What this task involves
In the records below, repeat exactly the lines between the line holding "trampled her underfoot." and the line holding "在第一轮裁员的周五晚上,xA", inclusive, and drop the pictures.

Available data
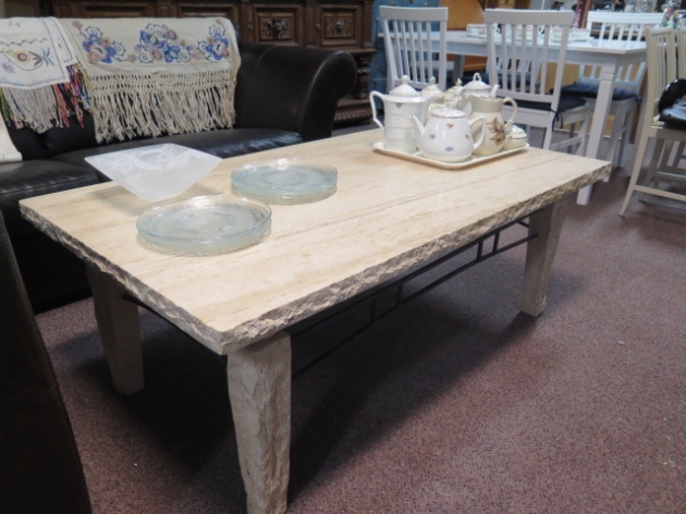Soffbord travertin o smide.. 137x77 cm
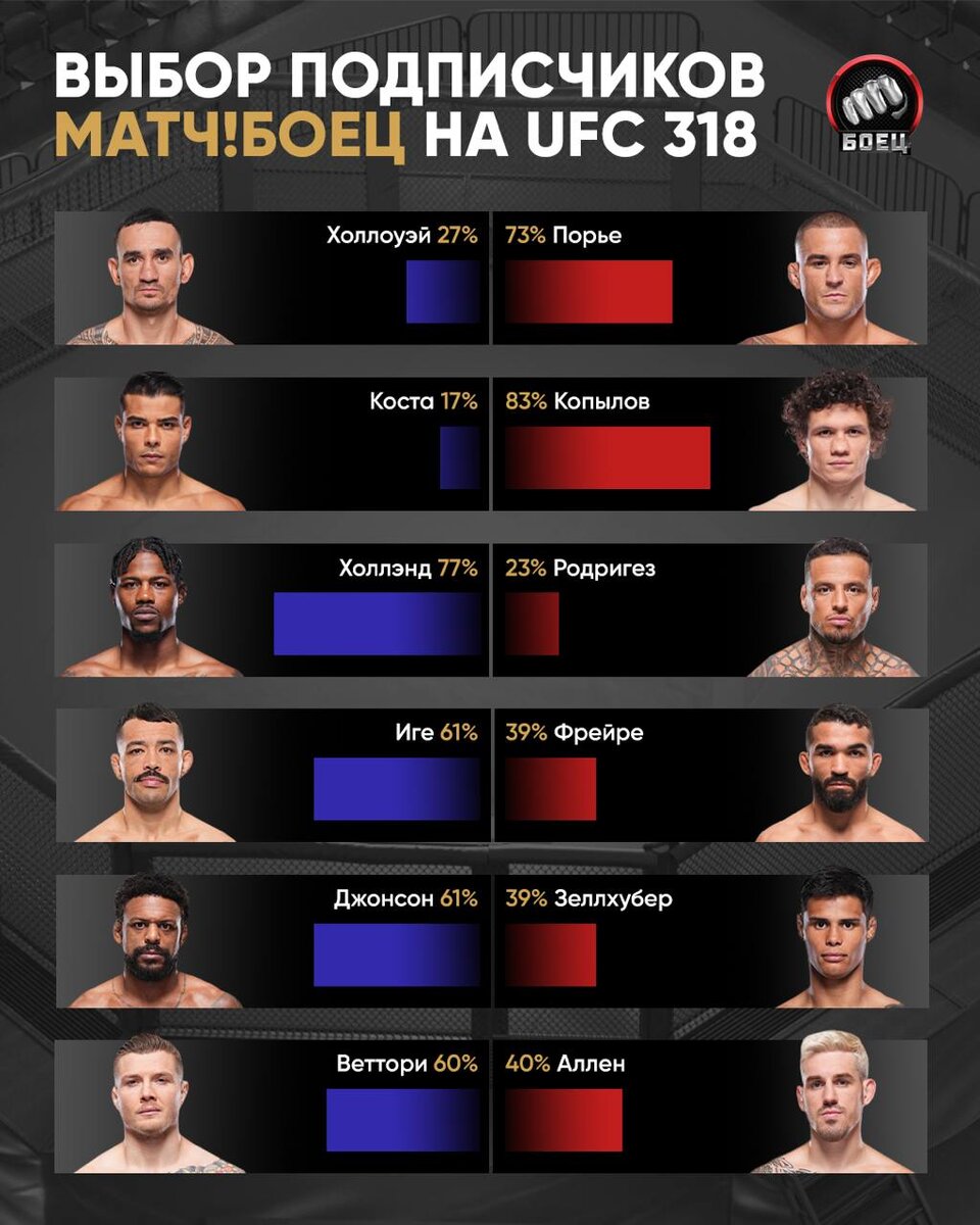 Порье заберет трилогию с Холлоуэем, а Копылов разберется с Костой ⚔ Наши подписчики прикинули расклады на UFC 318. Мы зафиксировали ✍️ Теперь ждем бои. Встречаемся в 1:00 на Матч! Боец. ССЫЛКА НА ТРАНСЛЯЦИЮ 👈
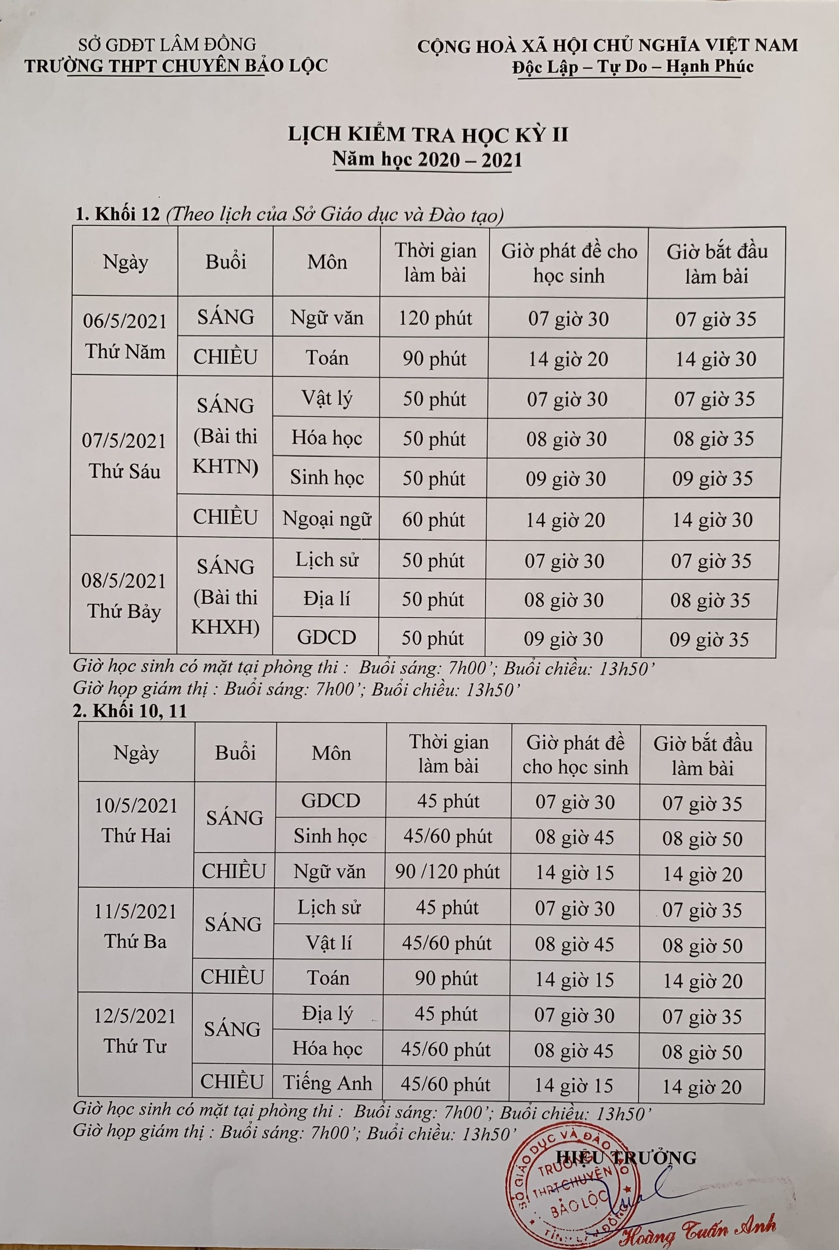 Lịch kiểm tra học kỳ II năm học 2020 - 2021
...
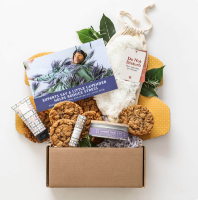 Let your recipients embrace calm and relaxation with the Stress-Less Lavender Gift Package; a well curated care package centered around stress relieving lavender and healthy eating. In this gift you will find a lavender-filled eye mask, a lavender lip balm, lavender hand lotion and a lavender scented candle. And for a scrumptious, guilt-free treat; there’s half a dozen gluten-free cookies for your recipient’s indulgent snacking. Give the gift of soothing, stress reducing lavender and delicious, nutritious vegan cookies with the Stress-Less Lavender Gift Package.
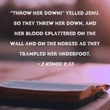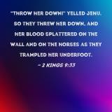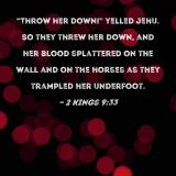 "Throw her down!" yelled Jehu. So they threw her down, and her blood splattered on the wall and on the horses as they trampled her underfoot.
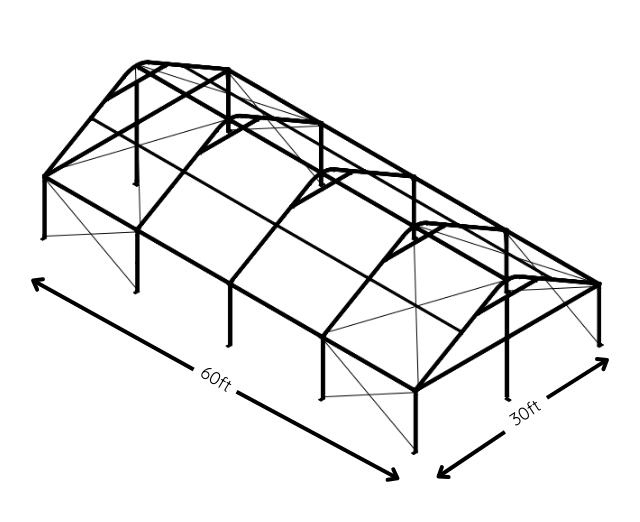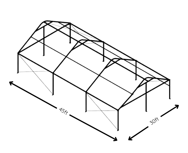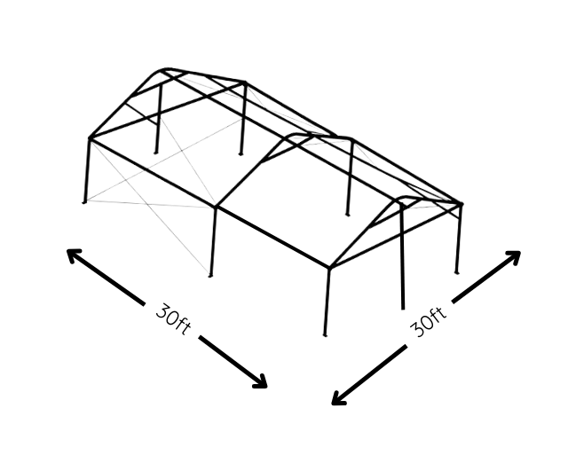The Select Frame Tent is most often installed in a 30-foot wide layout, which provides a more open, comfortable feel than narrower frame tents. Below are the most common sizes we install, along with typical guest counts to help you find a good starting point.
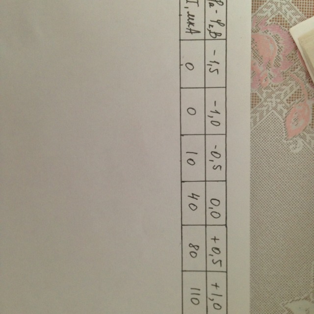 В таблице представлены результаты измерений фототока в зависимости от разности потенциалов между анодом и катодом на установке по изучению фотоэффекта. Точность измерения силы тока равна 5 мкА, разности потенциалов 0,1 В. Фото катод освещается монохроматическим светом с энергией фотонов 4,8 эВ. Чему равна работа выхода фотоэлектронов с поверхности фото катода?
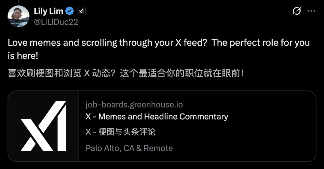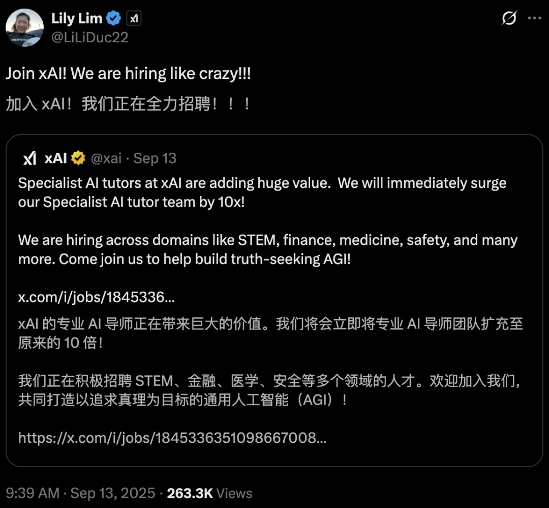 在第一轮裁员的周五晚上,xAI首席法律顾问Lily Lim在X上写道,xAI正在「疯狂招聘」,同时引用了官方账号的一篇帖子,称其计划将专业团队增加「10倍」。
* * *
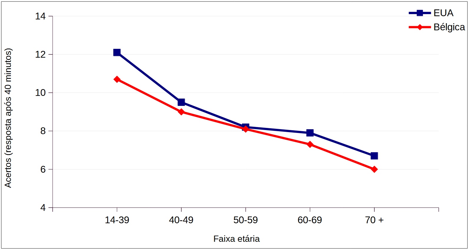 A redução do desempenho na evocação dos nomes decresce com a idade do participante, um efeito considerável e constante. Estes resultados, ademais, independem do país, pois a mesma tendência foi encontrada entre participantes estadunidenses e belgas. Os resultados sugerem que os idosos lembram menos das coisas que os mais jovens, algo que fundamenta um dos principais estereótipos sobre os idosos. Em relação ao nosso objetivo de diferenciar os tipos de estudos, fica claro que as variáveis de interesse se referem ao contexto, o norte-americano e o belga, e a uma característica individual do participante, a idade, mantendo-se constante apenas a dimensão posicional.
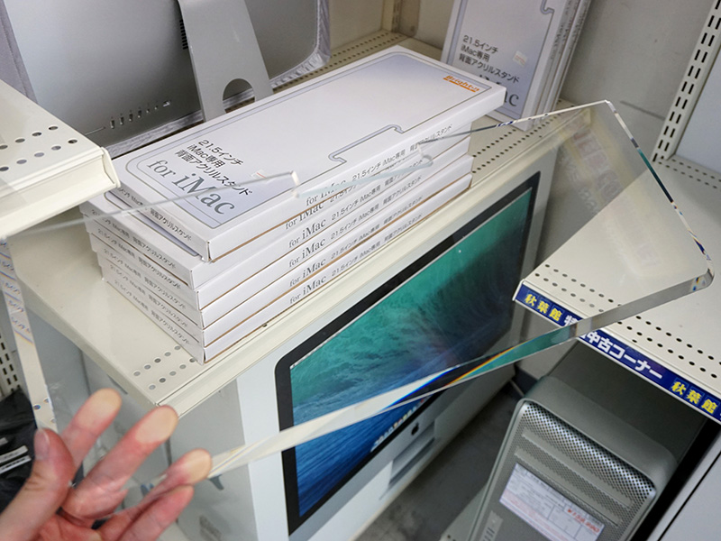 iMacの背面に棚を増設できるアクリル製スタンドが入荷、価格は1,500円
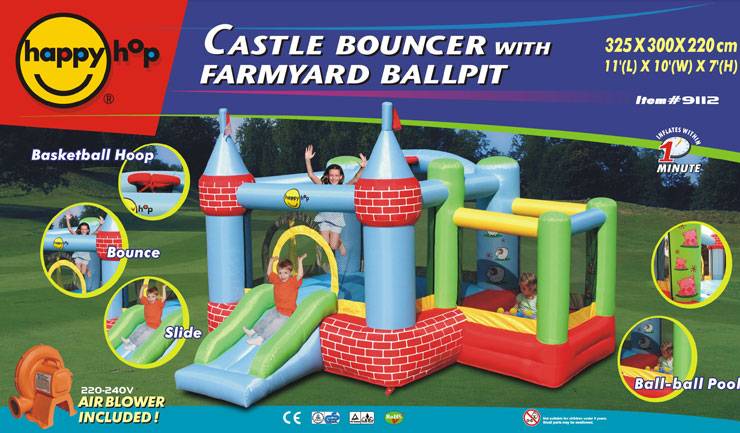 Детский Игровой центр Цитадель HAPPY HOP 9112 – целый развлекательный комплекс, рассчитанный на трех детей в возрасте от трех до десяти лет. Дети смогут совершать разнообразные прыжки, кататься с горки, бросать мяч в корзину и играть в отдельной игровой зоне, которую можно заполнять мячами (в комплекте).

Result
 "Throw her down!" yelled Jehu. So they threw her down, and her blood splattered on the wall and on the horses as they trampled her underfoot.
The Select Frame Tent is most often installed in a 30-foot wide layout, which provides a more open, comfortable feel than narrower frame tents. Below are the most common sizes we install, along with typical guest counts to help you find a good starting point.
 В таблице представлены результаты измерений фототока в зависимости от разности потенциалов между анодом и катодом на установке по изучению фотоэффекта. Точность измерения силы тока равна 5 мкА, разности потенциалов 0,1 В. Фото катод освещается монохроматическим светом с энергией фотонов 4,8 эВ. Чему равна работа выхода фотоэлектронов с поверхности фото катода?
 在第一轮裁员的周五晚上,xAI首席法律顾问Lily Lim在X上写道,xAI正在「疯狂招聘」,同时引用了官方账号的一篇帖子,称其计划将专业团队增加「10倍」。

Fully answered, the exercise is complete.